They are different.  They stand out a little or a lot.  They may be “eccentric”.  Or they may have some mental challenges that cause them to always be way outside the “normal” box. 

When I was a kid, we had Mr. Bender who always wore a bowler hat and was seen regularly being dragged down the street in our town by his huge german shephard.  He always tipped his hat at ladies and mumbled some jibberish that could only be interpreted as suggestive.  You could also catch glimpses of him in other towns, without his dog, attempting to get a ride back home by shuffle dancing around, bowing, waving and tipping his hat while hitchhiking.  I suppose someone from our neighborhood would drive him there and drop him off.  I think he was mostly alone.  I don’t remember seeing him much with other people…other than when he got a ride.  We had a few other characters, but most were not as colorful as Mr. Bender.  It was a small town. 

Living in an urban neighborhood as an adult, we have plenty of characters.  “Running lady” who always wears braided pigtails, bright red lipstick and runs to the bus stop as well as home from the bus stop…not because she’s late for something.  It’s just what her body or mind tells her to do.  “Yelling guy” who rides a bike in cowboy boots and yells at imaginary people.  The old guy in the dark grey suit and fuzzy grey white hair and beard that shuffles around mumbling.  These are the characters that really stand out. 

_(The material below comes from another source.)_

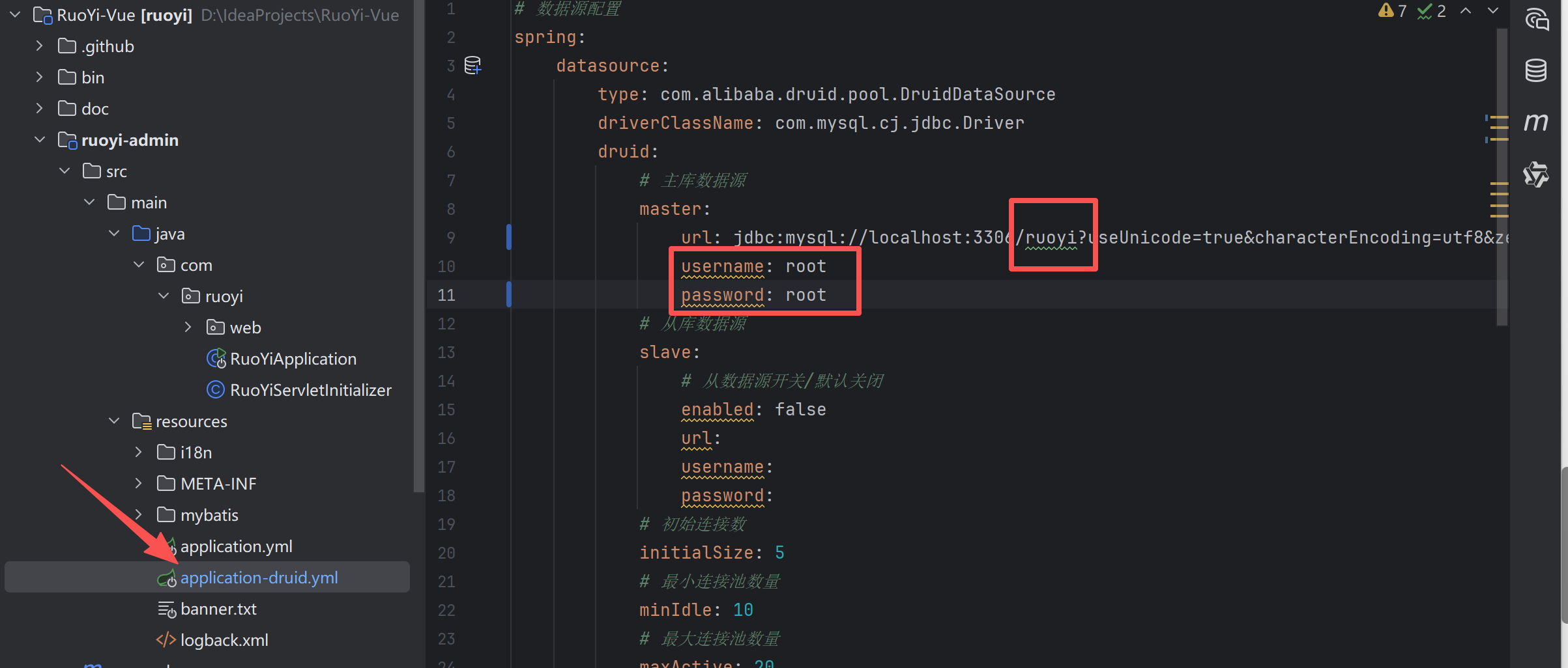 找到ruoyi-admin当中配置数据库的配置文件application-druid.yaml文件

But there are others that you may not think of as characters.  The guy with the tattooed head who could always be spotted pushing a double stroller.  The cyclist that rides to and from work each day pulling his dog behind him in a laundry basket on a trailer.  The neighbor that is always organizing stuff, attending neighborhood meetings or passing out fliers.  The super friendly clerk at the game store or the owner of the BBQ joint with the distinctive voice that stands in the doorway and talks to everyone. 

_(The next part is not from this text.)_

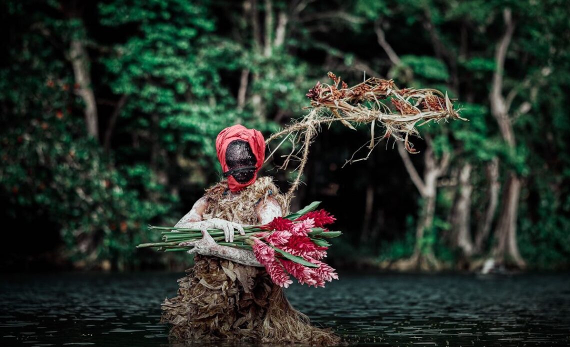 Some costumes are just leaves, others are cut leaves stuck on fabric. It’s a deep design study in the material; we all know fig trees and how they look like someone standing outside in the dark. You can use any other plant material too. Masqueraders have to make contact with us to figure out how to commemorate their loss, the thing they’re mourning.
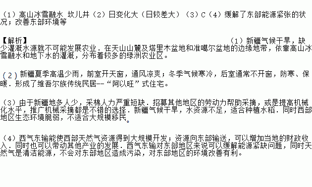 (1)同学们在去新疆的途中,看到河西走廊有很多绿洲,这些绿洲的水源主要来自 和地下水。在吐鲁番盆地人们用“ ”将水引到绿洲。

These people are filling an important role in a community.  They add to its identity.  They create common experiences and knowledge that can shared by members of the community.  “You know the yelling guy?”  “Yes!  He rides by our house all the time!” 

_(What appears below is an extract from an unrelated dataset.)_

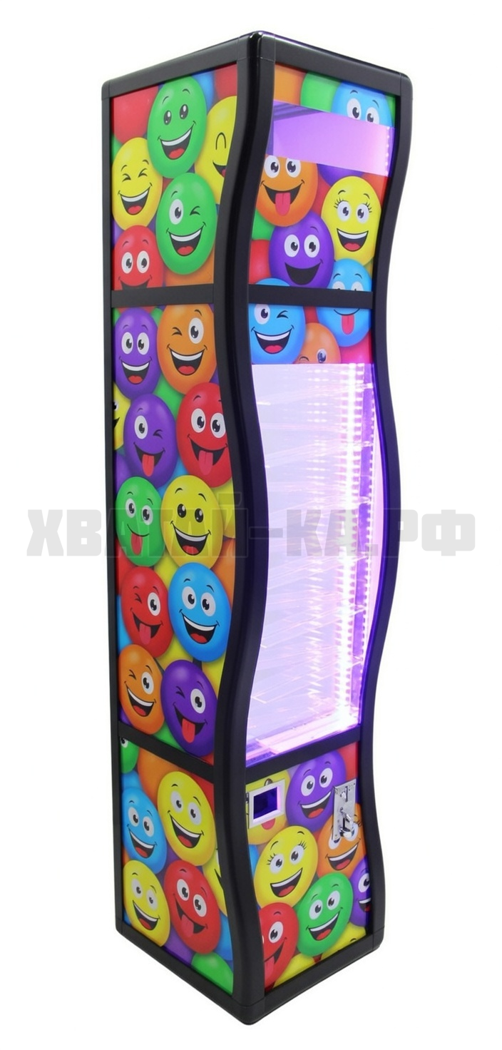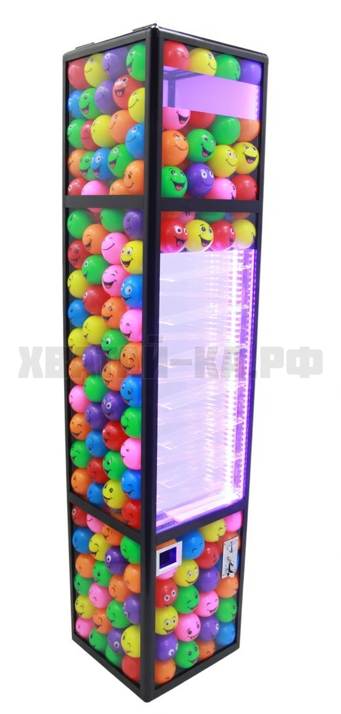 Аппарат имеет основную особенность – развлекает перед продажей: мячик выкатывается по красивому скату, тем самым делая покупку необычной и веселой!

They enrich our daily experience while we are moving through our day and along our familiar paths to work, to school, to the store.  Our communities are not only the buildings, streets, and parks that create the spaces we occupy but the people that create the energy and the color of our experience.    Without them, our experience might not be as colorful.

I have to say, they all make me smile.  Some make me sad.  On any given day I can be reminded of the fragility of the human brain.  I can appreciate their creativity and ingenuity.  I can be fed by their friendliness.  I can admire their authenticity.  I appreciate that range of emotions they spur in me.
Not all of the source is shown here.